Kölner Dombauhütte unterstützt Wiederaufbau Vier Fenster von Notre-Dame erstrahlen in neuem Glanz

Im April 2019 stand die Kathedrale Notre-Dame in Flammen. Rund fünfeinhalb Jahre nach dem Wiederaufbau erstrahlt das Pariser Wahrzeichen in neuem Glanz – auch dank Unterstützung der Kölner Dombauhütte, die vier Fenster aus dem südlichen Langhaus restauriert hat.

Die Brandkatastrophe löste weltweit tiefe Betroffenheit aus – und eine Welle der Spendenbereitschaft.
Die Brandkatastrophe löste weltweit tiefe Betroffenheit aus – und eine Welle der Spendenbereitschaft. - © QuentinH (stock.adobe.com)

Bei dem verheerenden Großbrand von Notre-Dame am 15. April 2019 stürzten der gesamte Dachstuhl sowie Teile des Gewölbes ein, während die Hauptstruktur der Kathedrale weitgehend erhalten blieb. Die Katastrophe löste weltweit tiefe Betroffenheit und eine Welle der Solidarität aus, die von zahlreichen Spendenaktionen begleitet wurde.

Auch aus Deutschland kamen viele Unterstützungsangebote für den Wiederaufbau des Pariser Wahrzeichens. Auf höchster politischer Ebene sicherten der damalige nordrhein-westfälische Ministerpräsident Armin Laschet und die ehemalige Kölner Dombaumeisterin Barbara Schock-Werner umgehende Hilfe zu.
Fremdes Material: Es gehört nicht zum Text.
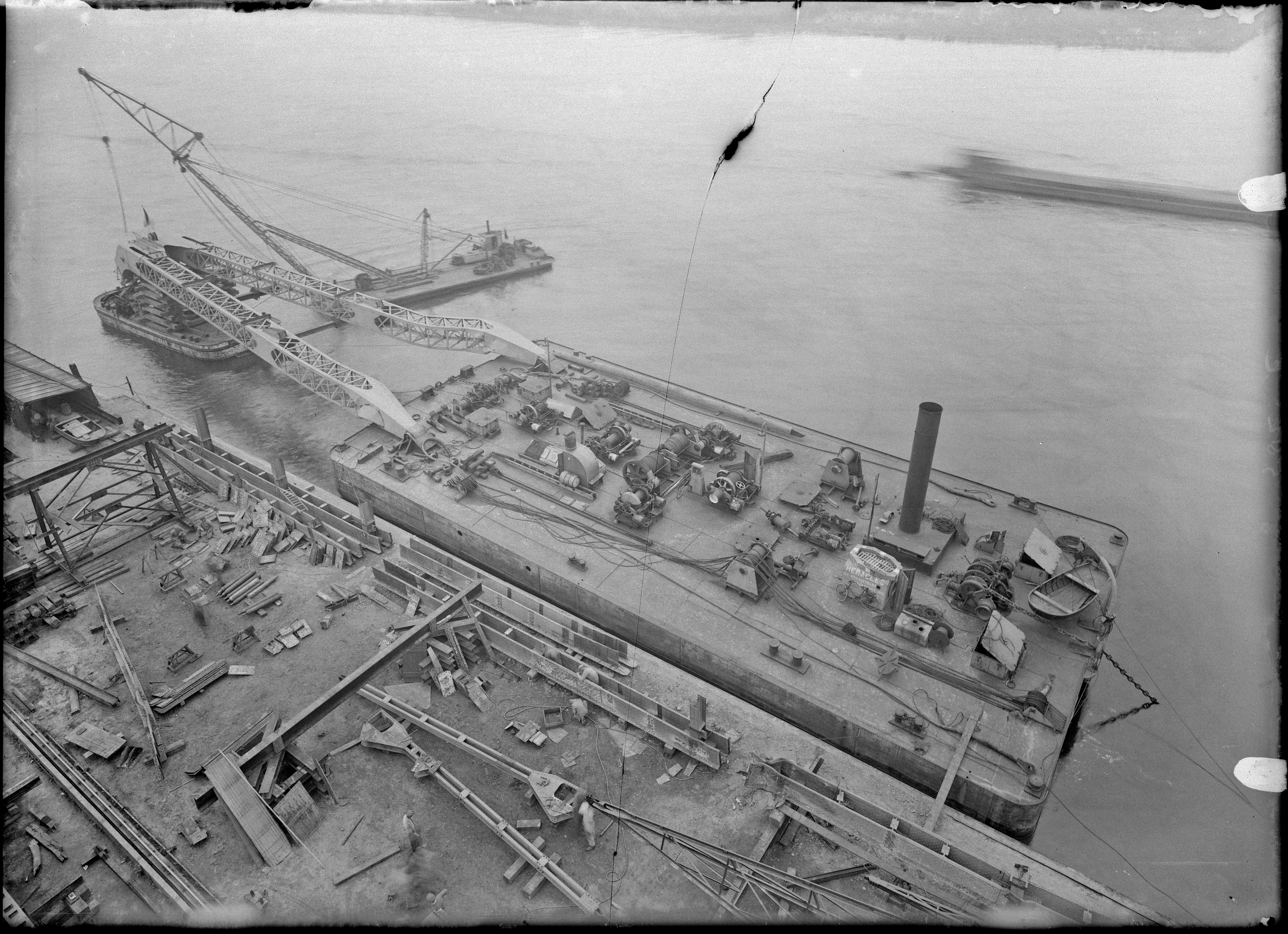 Reparatie van drijvende bok Heracles bij Kraayeveld in Sliedrecht.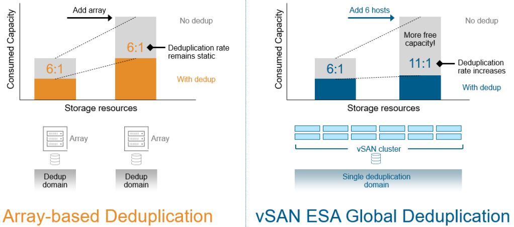 vSAN global deduplication is different. It takes advantage of vSAN distributed scale-out architecture. The vSAN cluster is the deduplication domain, which means that as additional hosts are added, the deduplication domain automatically grows, increasing the probability of duplicate data, and delivering an increasing deduplication ratio.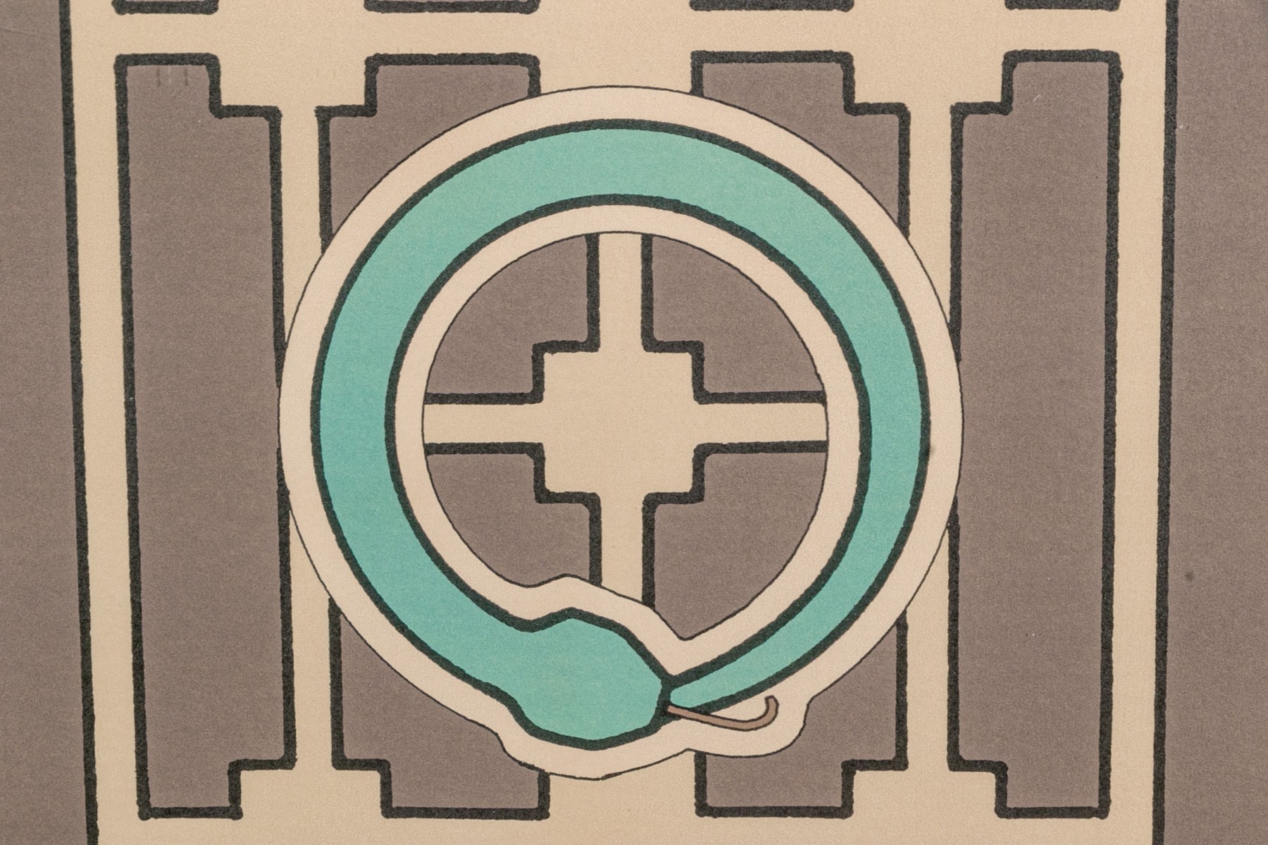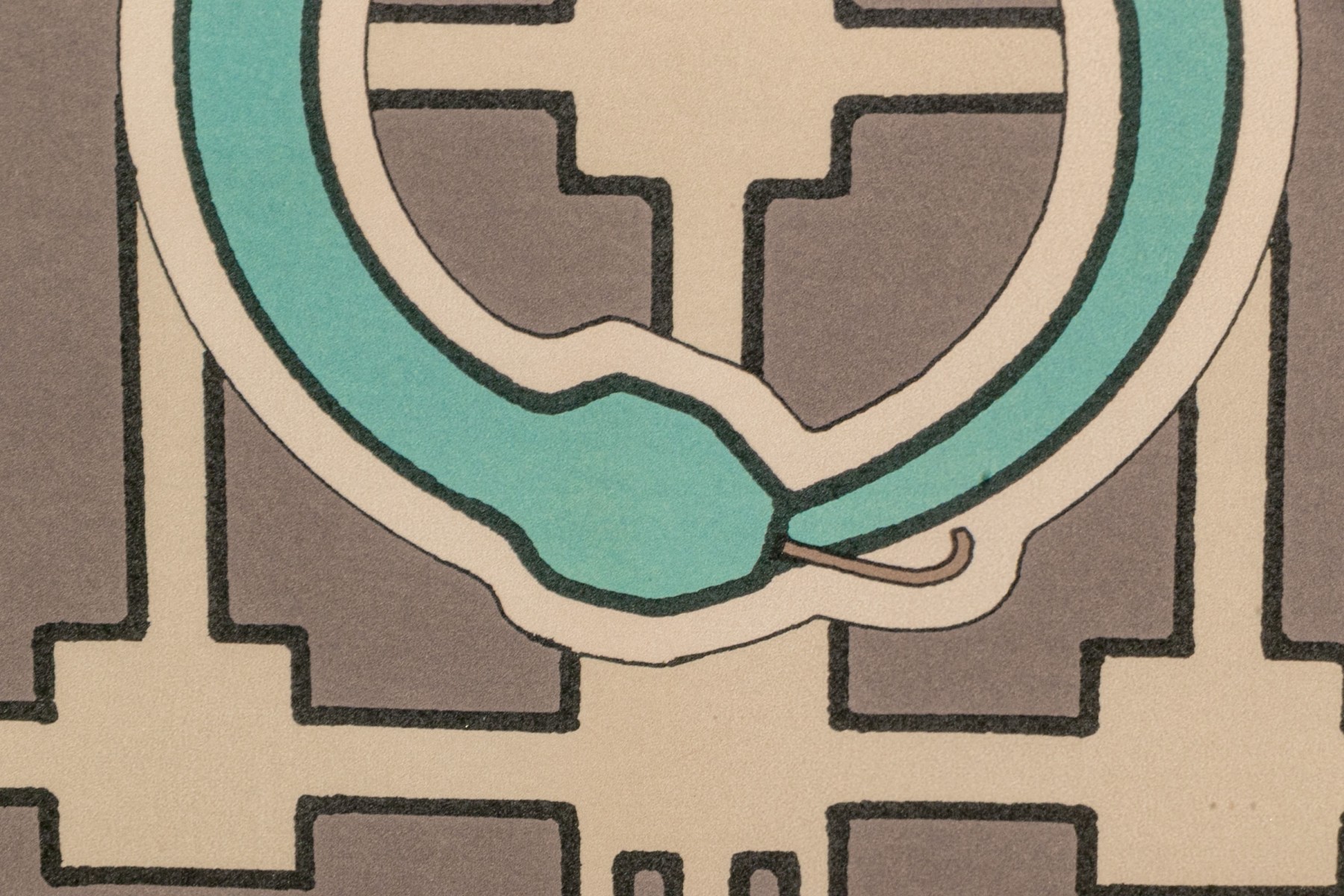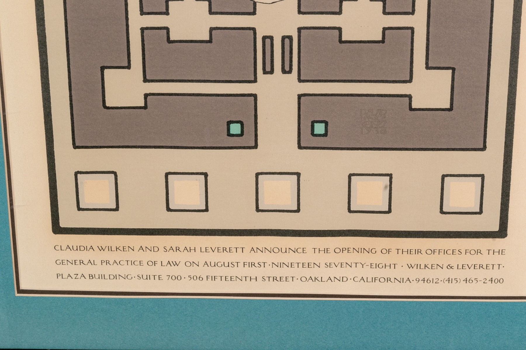 A decorative poster with a modernist block like architectural pattern in brown, tan with a turquoise center detail. Text below. Nicely matted in a wood frame with glass.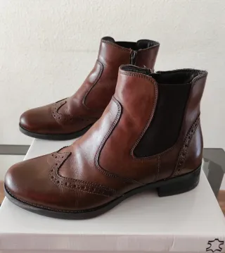 Vendo estos botines de piel marca alemana RIEKER porque no los uso, fueron un regalo y ya no me las pongo. Están como nuevas, la piel está hidratada, las suelas como nuevas y las cremalleras funcionan perfectamente. Son un 42 pero tallan grande porque yo uso un 43 y me quedan como un guante. Se pueden probar en zona plaza de toros de Granada. Tengo la caja también. Viajo a Córdoba varias veces al mes, puedo entregarlas allí.

Alsbald konkretisierte sich der Entschluss, die deutschen Spendengelder in die Restaurierung von Glasmalereien zu investieren. So wurde kalkuliert, dass mit der Gesamtsumme vier Fenster der Kathedrale erneuert werden können. Bei der Wahl der Werkstatt war man sich schnell einig: Die Kölner Dombauhütte sollte die Restaurierungsarbeiten ausführen, da sie über die nötigen personellen Kapazitäten verfügt, um ein solches Großprojekt realisieren zu können.

Mosaike mit abstrakten Mustern

Und so kam es, dass am 7. April 2022 der Lkw einer französischen Kunstspedition 44 Holzkisten bei der Werkstatt der Kölner Dombauhütte anlieferte. Der Inhalt: 316 Glasmalereifelder von vier Fenstern aus Notre-Dame mitsamt Eisenrahmenkonstruktionen. Für die Einlagerung der Bauteile war viel Platz erforderlich, denn selbst ohne Rangierfläche nahmen alle Kisten eine Stellfläche von etwa 30 Quadratmeter ein.

Die vier jeweils zirka 22 Quadratmeter großen Fenster gehören zu einem Zyklus von zwölf Fenstern aus dem südlichen Langhaus der Kathedrale. Entworfen hat sie der renommierte französische Glasmaler, Grafiker und Kupferstecher ­Jacques Le Chevallier. Bei der Gestaltung der Fenster setzte er auf kleine Mosaike aus unterschiedlich großen Rechtecken mit abstrakten Mustern in hellen sowie blauen, roten und grünen Farbtönen. Der Einbau der Chevallier-Fenster erfolgte im Jahr 1965. Dort blieben sie schließlich 54 Jahre unversehrt an ihrem Platz – bis zu dem Brand vor mehr als fünf Jahren.